Sunday, February 24, 2013

Healty(-ier) Muffins

Last week I went to LA to visit my brother, sister-in-law, and baby (technically now toddler) nephew, James. One of the reasons I love heading out there is my SIL, Amanda, is a fantastic cook. She loves scouring cook books and food website for new recipes and focuses on things that are low in calories and chock full of good stuff like fiber, protein, and fruits and veggies. This is especially true when it comes to cooking and baking for 14 month old James, after all, little kids have a lot of nutritional needs than your average adult.

During our visit, Amanda made a recipe from her Cooking Light Baby Food cookbook, Mini Whole-Wheat Apricot Muffins. Turns out muffins are great for toddlers (especially mini ones) since they are easily freezeable, portable, and a perfect size and texture for little chubby kid fingers. And just because the recipe came from a kid's cookbook doesn't mean it isn't good for adults as well. These were yummy muffins and you got three per serving at only 133 calories. This means even I was able to indulge in a few as a snack (since I have started getting serious about counting calories).

Now that I'm home from sunny California, I am inspired by Amanda's baking and cooking, and I've decided to try to find my own healthier but delicious recipes. I tried my first go-round last night, working with another Cooking Light muffin recipe but making my own changes to make it even more healthy. So I proudly present to you--Maggie's Whole Wheat Raisin Banana Muffins!


I'm going to call this recipe makeover a success--the original recipe was for a white flour based cranberry and orange muffin. It clocked in at 174 calories, which is certainly nothing to scoff at, but I thought I could do a little better. Even if I couldn't cut back a lot of the calories, at least I could pack the muffins with some more hearty ingredients.

I started by replacing all the white flour with whole wheat flour. However, wheat flour is a lot dryer than regular flour, so that means we needed some more liquid in the batter. I decided to throw in two and a half bananas (that had been sitting in the freezer for a few months). When you defrost the bananas, they end up a lot juicier so this added some more wetness.

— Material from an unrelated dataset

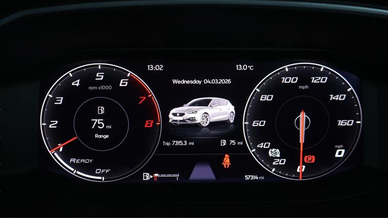 Our SEAT Leon is finished in Grey. Specification includes a range of fantastic features including 17'' Alloy Wheels, Apple CarPlay, Digital Cockpit, Lane Assist, Privacy Glass, Bluetooth, Parking Sensors, Flat Bottom Steering Wheel, Cruise Control, Climate Control Specification information is supplied by CAPHPI and may vary to the actual car. This data does not form any part of a buying contact. Please check specification prior to purchase in-store. The MOT is valid until February 2027, visit dealer's website for more photos, a 360 tour, service history and a free HPI report.
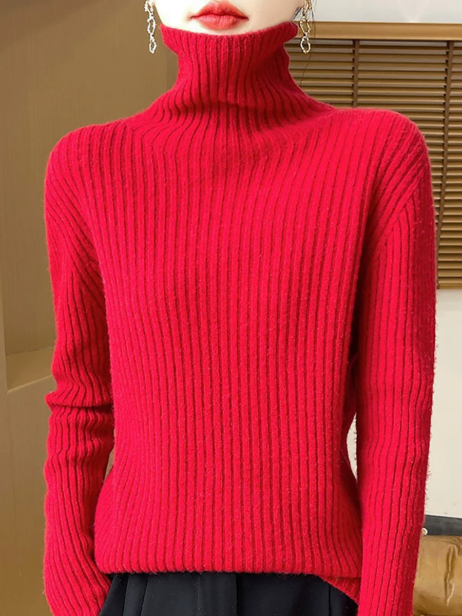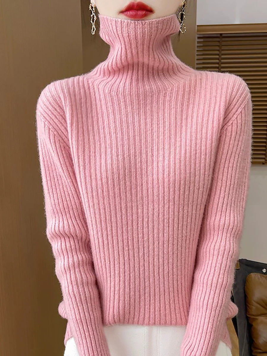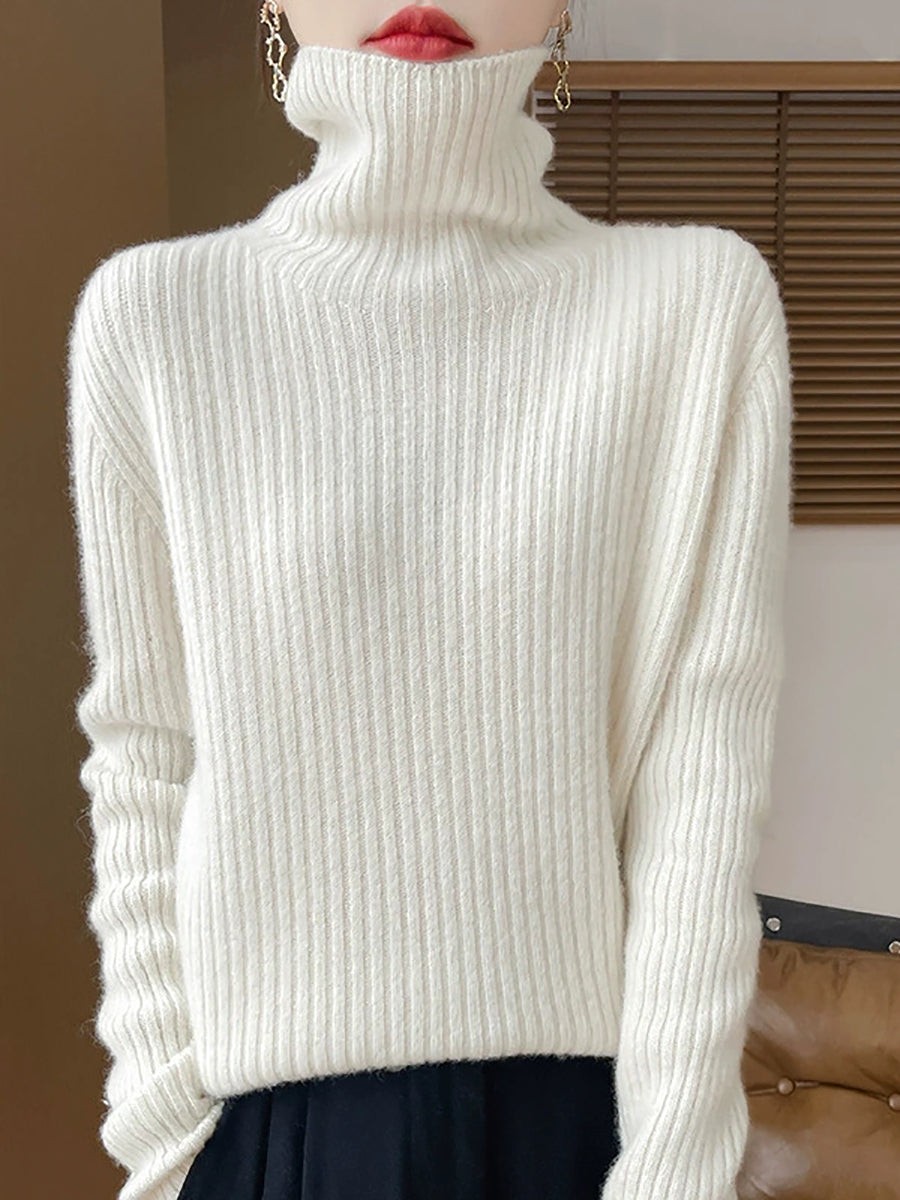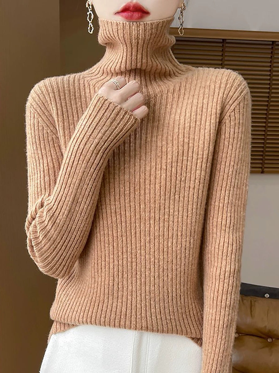 Suéter de lana de cuello alto de color puro informal de primavera para mujer

I also subbed in raisins for the cranberries--I figured they have less sugar and would pair better with the bananas. Following that logic, the orange rind had to go, so I used allspice instead. The final substitution was 1% milk for 2%--mostly because that's what I had on hand.

I was a little worried after I finished mixing up the batter, it was a good deal thicker than most muffin mix and had a consistency more like a cookie. But the muffins ended up baking beautifully, fluffing up a bit but staying within the confines of the muffin cup. It makes a dense muffin which I like; what's the point of eating those calories if it doesn't help fill you up? They have a great wheaty, nutty flavor (even though there's no nuts). The banana and spice is very subtle (I'll probably throw in an extra banana next time), and the raisins added a little touch of sweetness. If you aren't a big fan of wheat these probably aren't the muffins for you, but if you like quick and easy recipes with a hearty flavor than give them a try. You don't even need a mixer, I easily combined all the ingredients by hand with a spatula.

Maggie's Whole Wheat Raisin Banana Muffins

2 cups whole wheat flour
2/3 cups sugar
2 teaspoons baking powder
1/4 teaspoon salt
1 cup raisins
2/3 cup 1% milk
1/4 cup butter or margarine, melted
2 teaspoon ground allspice
1 teaspoon vanilla extract
1 large egg, beaten
3 bananas

Preheat over to 400 degrees. Combine flour, sugar, baking powder, and salt in a large bowl. Stir in raisins; make a well in the center of the mixture. Combine milk, butter, allspice, vanilla, and egg; add to flour mixture, stirring until just moist. Spoon batter into 12 (my recipe made 16) muffin cups. Bake at 400 degrees for 18-20 minutes until muffins are brown on top. Remove from the muffin pan immediately and cool.

Note: these muffins freeze well stored in freezer bags. I also like them warmed up a bit, either in the microwave (20-30 seconds per muffin) or heated in the oven on foil for 10-15 minutes at 300 degrees.

If you are keeping track of calories, I would estimate that these end up between 130-150 calories depending on the size of your muffins. Not too shabby!